-------- Data to use

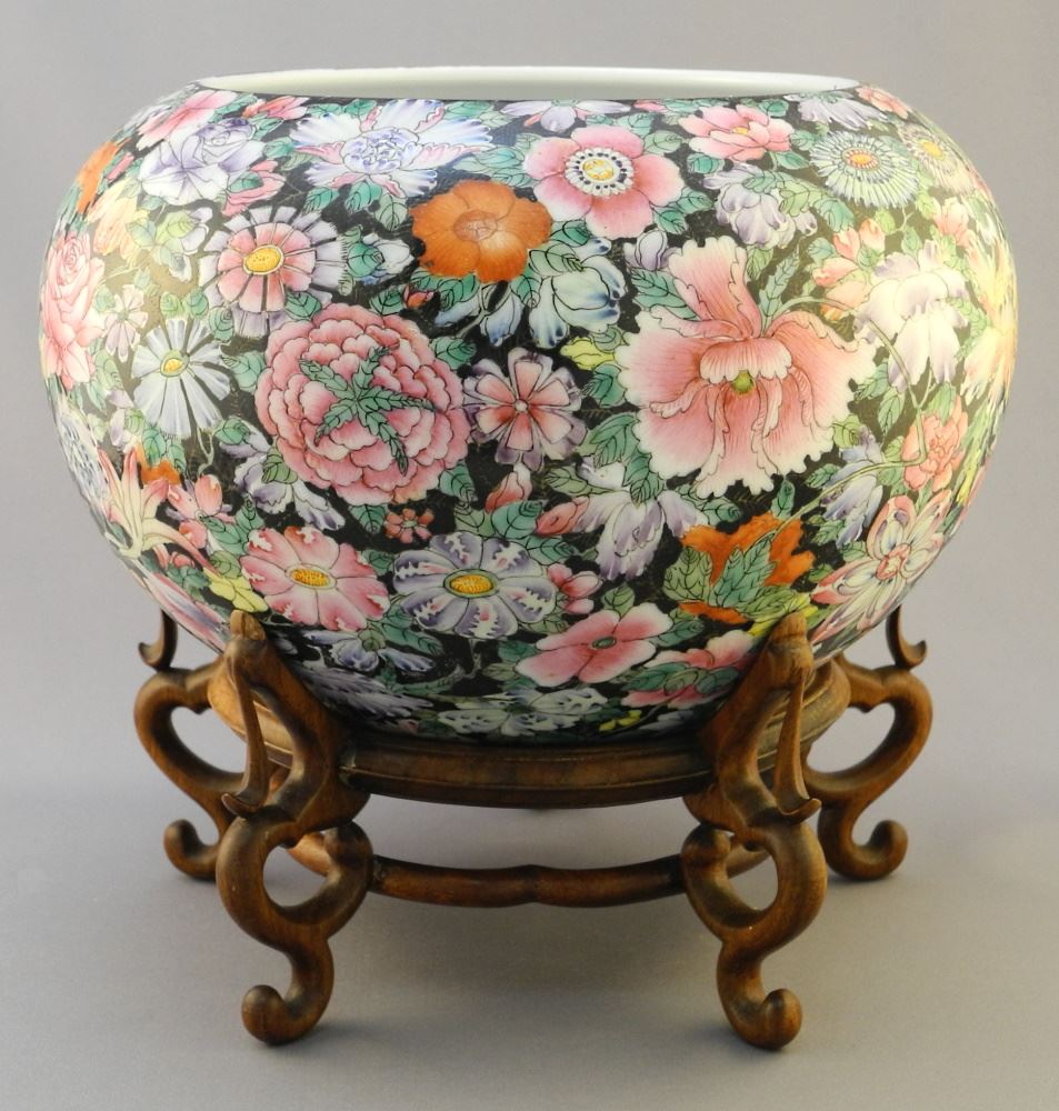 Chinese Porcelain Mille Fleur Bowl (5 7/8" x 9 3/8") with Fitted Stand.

----------------
-------- Data to use

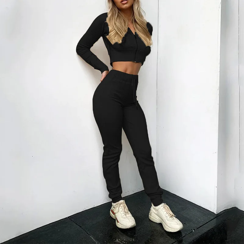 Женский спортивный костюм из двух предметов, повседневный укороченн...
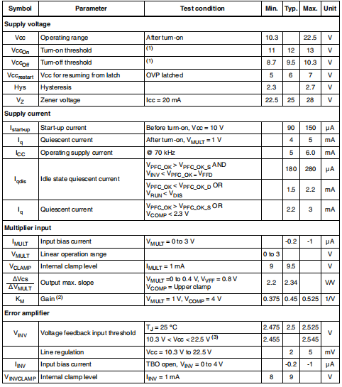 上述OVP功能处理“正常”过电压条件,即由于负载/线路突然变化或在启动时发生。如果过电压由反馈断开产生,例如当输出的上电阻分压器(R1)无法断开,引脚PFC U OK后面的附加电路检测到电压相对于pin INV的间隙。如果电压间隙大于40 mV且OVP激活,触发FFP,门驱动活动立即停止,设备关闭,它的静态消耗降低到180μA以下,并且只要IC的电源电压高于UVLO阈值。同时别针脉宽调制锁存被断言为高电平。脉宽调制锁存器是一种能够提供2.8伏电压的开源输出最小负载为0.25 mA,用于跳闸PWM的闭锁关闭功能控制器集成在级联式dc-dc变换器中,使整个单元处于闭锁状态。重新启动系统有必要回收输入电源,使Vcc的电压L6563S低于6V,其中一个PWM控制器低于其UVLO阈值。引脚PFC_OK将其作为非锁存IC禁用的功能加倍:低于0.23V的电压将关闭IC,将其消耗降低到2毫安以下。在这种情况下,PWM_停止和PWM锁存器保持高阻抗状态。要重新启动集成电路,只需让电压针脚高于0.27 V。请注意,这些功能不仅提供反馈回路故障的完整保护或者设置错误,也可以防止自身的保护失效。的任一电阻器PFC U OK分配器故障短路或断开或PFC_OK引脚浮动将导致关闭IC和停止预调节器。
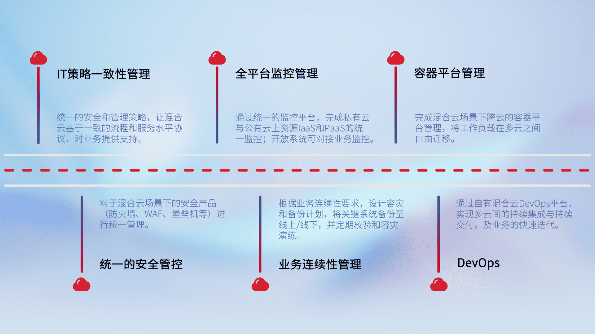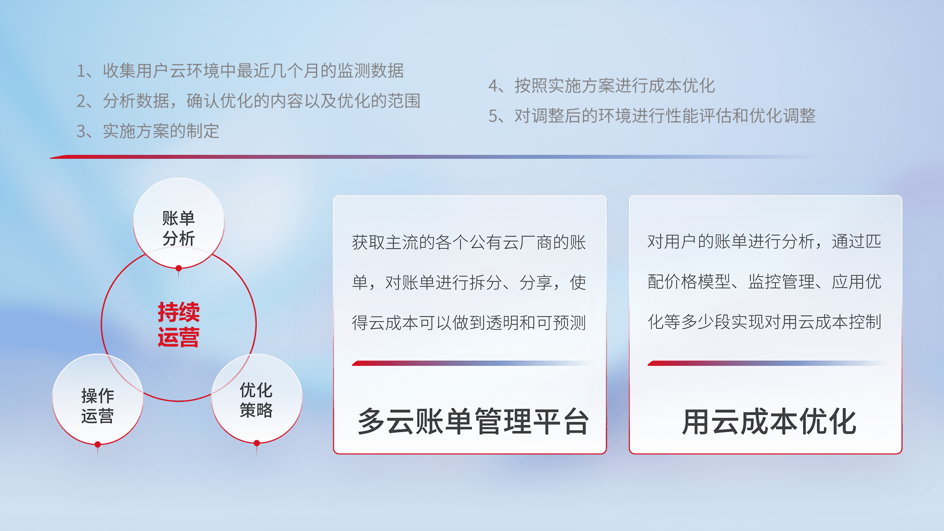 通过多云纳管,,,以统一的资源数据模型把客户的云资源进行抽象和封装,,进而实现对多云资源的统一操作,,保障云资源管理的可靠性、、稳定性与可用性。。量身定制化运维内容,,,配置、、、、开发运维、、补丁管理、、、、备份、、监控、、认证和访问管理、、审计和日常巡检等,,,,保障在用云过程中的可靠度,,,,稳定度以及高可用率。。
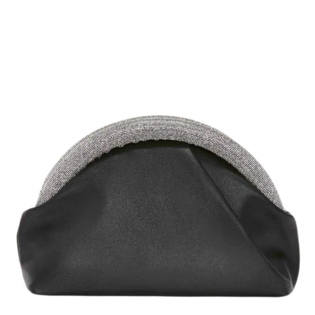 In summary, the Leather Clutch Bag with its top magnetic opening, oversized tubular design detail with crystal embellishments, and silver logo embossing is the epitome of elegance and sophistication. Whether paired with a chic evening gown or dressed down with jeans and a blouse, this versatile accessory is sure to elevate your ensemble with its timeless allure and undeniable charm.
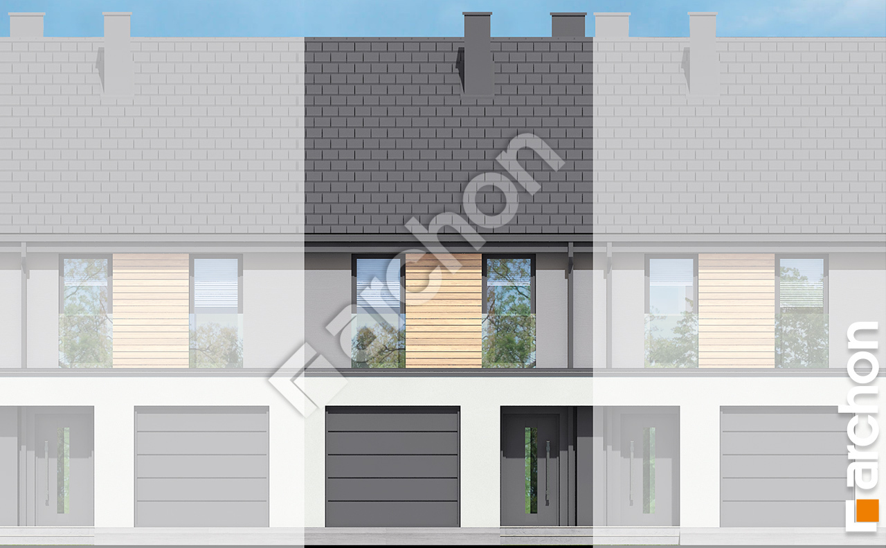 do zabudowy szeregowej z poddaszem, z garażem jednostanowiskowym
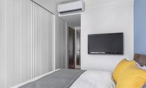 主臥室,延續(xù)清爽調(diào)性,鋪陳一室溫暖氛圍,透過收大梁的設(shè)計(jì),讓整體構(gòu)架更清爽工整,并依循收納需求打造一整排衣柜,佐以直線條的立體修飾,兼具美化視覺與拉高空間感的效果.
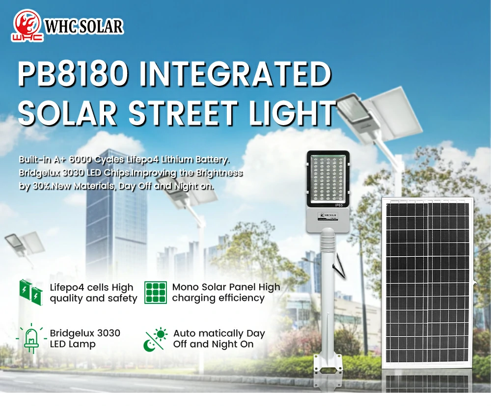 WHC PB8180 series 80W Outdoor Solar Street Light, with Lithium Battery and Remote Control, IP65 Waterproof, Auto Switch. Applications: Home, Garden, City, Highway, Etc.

----------------
-------- Data to use

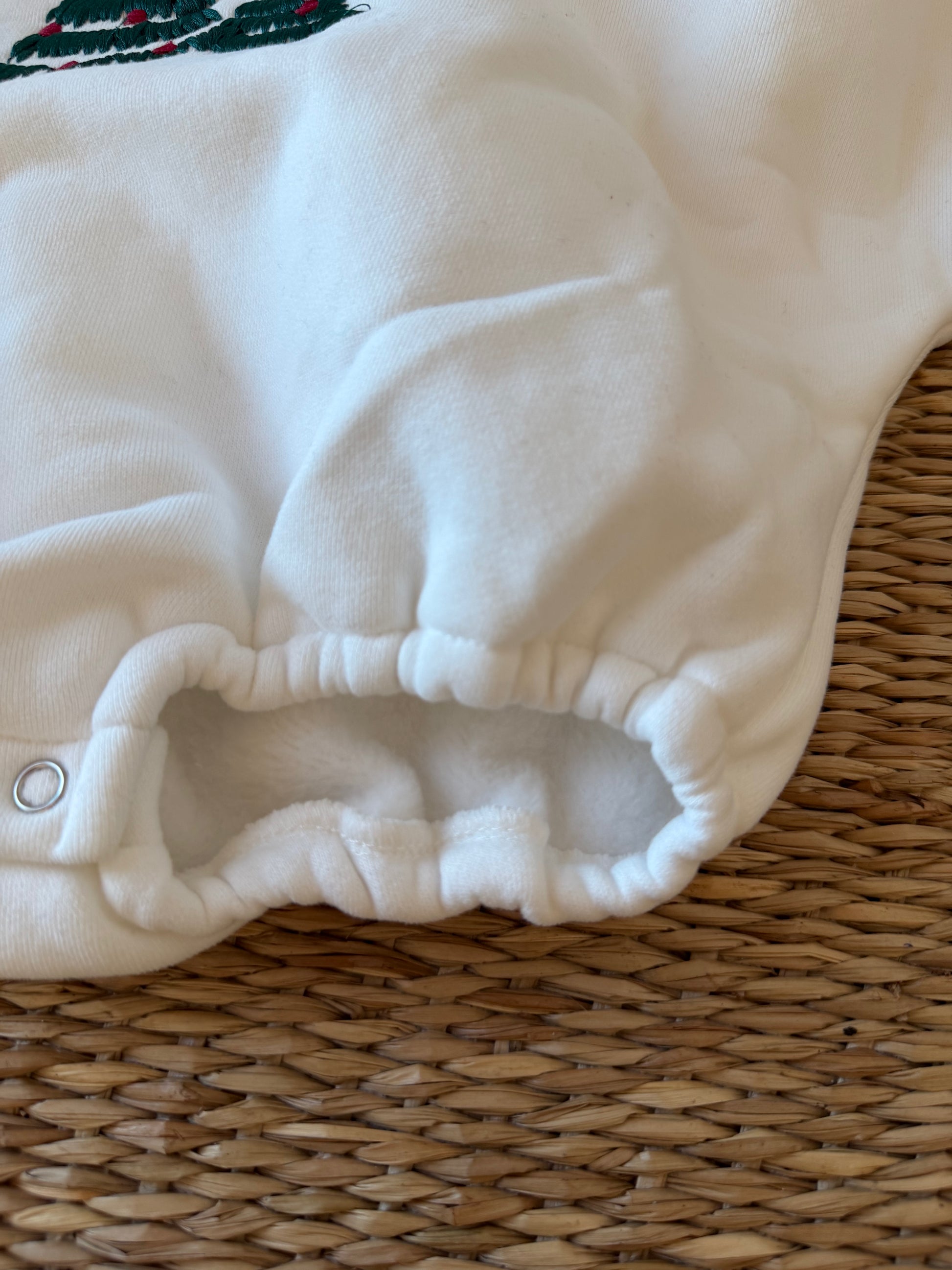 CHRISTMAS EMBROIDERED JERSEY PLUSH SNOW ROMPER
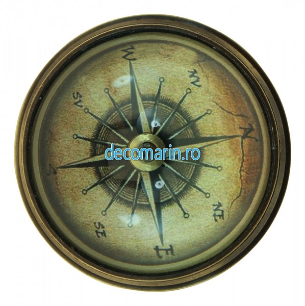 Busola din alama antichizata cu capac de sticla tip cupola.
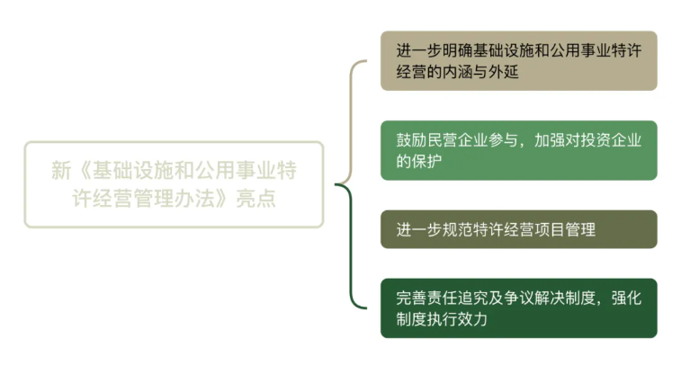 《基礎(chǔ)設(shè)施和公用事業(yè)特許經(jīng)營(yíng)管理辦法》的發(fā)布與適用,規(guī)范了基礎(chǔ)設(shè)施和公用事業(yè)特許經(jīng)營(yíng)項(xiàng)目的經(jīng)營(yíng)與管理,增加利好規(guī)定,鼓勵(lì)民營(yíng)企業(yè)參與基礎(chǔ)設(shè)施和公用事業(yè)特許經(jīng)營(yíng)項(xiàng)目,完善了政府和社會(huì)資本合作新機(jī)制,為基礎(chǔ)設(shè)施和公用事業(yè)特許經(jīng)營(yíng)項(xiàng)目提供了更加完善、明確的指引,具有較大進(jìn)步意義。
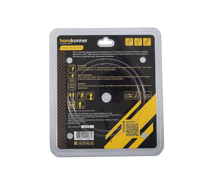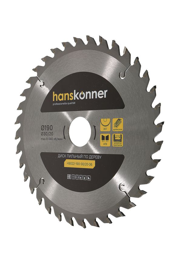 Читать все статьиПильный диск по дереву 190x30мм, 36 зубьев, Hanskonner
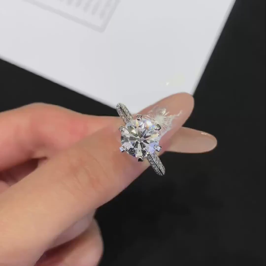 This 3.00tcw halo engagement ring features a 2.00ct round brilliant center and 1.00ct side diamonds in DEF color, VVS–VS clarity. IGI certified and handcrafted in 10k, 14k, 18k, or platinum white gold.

----------------

- **What is needed**
Print nothing but the lines above starting with the line that contains "Читать все статьиПильный" and going on through the line that contains "This 3.00tcw halo". Leave out the pictures.

- **Answer for this exercise**
 Читать все статьиПильный диск по дереву 190x30мм, 36 зубьев, Hanskonner
 This 3.00tcw halo engagement ring features a 2.00ct round brilliant center and 1.00ct side diamonds in DEF color, VVS–VS clarity. IGI certified and handcrafted in 10k, 14k, 18k, or platinum white gold.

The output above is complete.